### The records
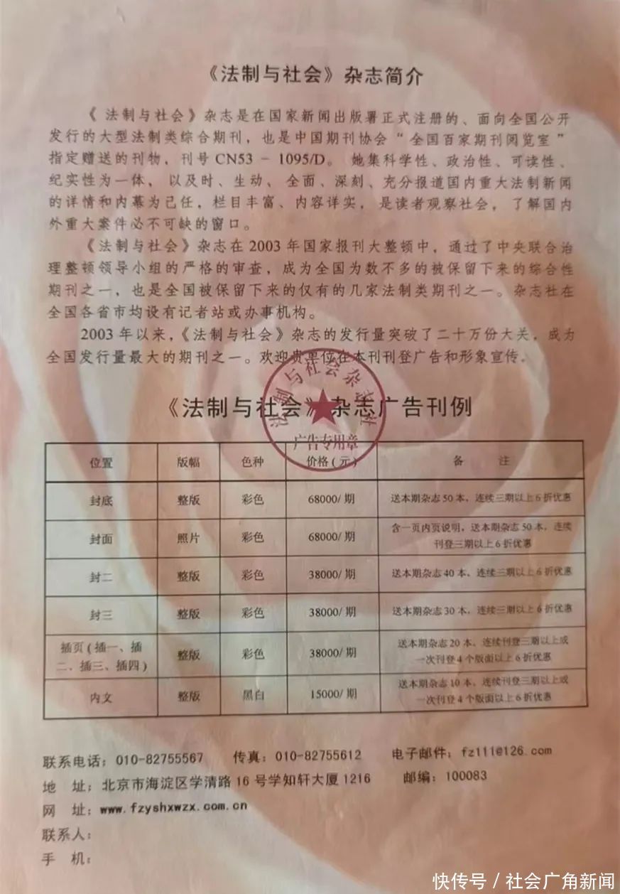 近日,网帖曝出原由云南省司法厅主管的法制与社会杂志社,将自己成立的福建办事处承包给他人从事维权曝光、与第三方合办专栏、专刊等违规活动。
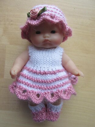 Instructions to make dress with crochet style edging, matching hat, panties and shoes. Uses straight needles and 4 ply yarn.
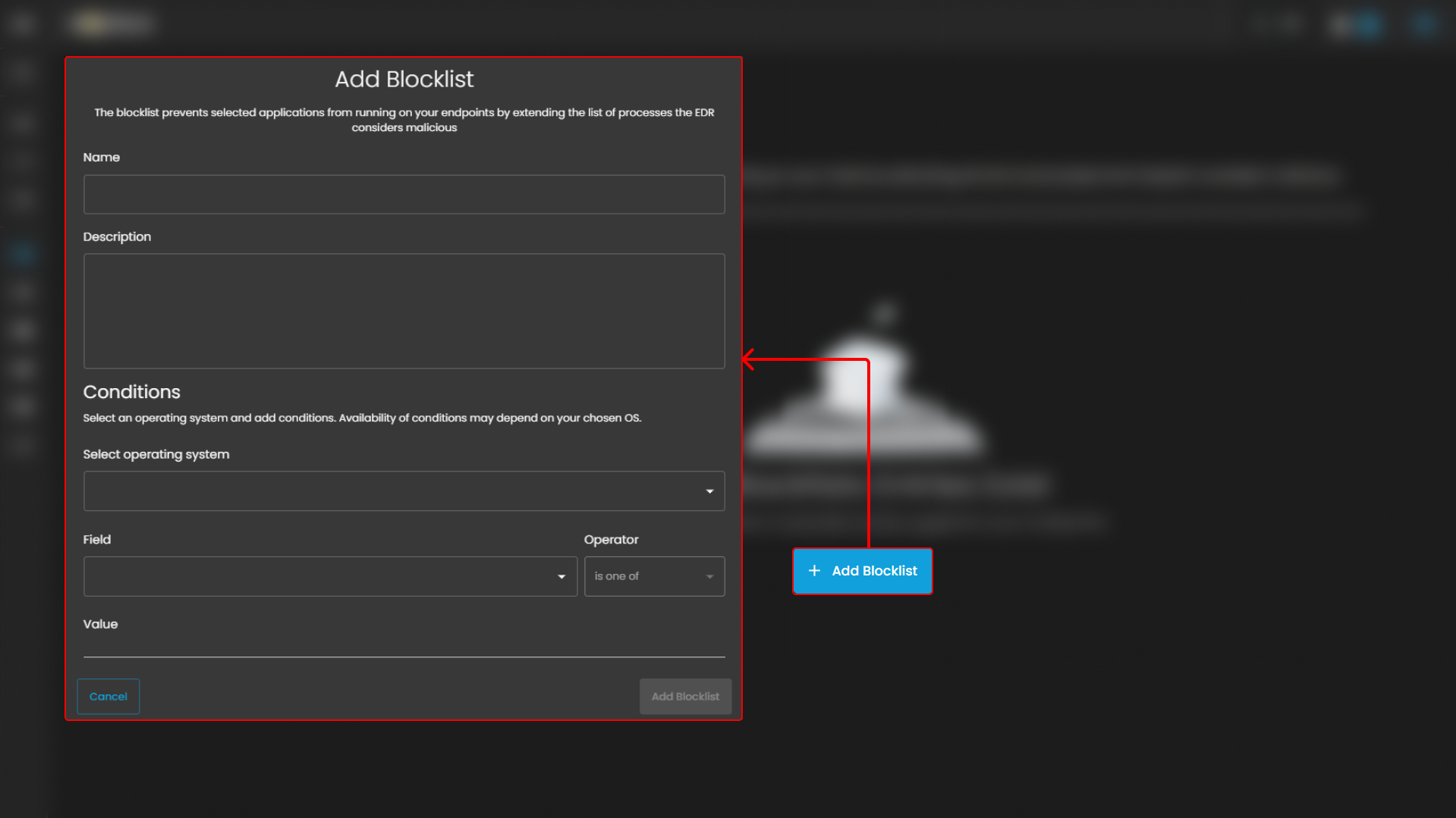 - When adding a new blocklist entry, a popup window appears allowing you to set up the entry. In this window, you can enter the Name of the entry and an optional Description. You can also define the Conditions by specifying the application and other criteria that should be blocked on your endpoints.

==

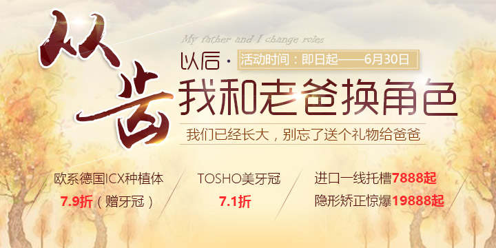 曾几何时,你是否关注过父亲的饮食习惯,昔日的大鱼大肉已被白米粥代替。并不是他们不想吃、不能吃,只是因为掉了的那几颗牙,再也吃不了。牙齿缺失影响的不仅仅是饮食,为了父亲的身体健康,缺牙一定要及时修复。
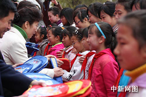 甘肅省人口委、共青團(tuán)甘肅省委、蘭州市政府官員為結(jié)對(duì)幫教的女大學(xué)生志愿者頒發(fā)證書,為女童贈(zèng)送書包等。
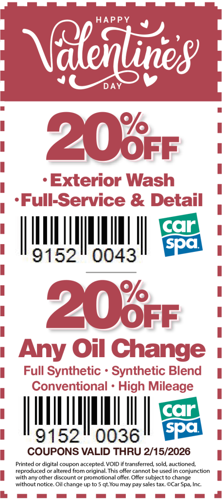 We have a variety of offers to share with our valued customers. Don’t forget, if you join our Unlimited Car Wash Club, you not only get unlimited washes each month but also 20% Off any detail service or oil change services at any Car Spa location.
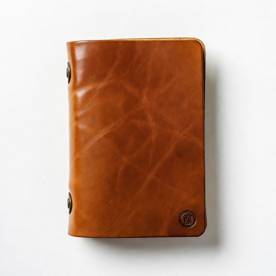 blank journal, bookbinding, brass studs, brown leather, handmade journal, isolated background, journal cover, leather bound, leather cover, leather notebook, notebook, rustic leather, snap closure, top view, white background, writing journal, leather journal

---

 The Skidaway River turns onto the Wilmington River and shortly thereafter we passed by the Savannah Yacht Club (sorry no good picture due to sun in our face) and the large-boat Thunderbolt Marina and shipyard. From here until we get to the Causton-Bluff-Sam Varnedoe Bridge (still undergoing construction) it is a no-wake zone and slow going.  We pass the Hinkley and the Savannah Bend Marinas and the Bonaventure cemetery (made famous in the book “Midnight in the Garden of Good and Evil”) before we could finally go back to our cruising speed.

### Task
Leaving out all pictures, set down exactly the lines of the material above, from the line with "We have a variety" to the line with "blank journal, bookbinding, brass" inclusive, and no others.

### Response
 We have a variety of offers to share with our valued customers. Don’t forget, if you join our Unlimited Car Wash Club, you not only get unlimited washes each month but also 20% Off any detail service or oil change services at any Car Spa location.
 blank journal, bookbinding, brass studs, brown leather, handmade journal, isolated background, journal cover, leather bound, leather cover, leather notebook, notebook, rustic leather, snap closure, top view, white background, writing journal, leather journal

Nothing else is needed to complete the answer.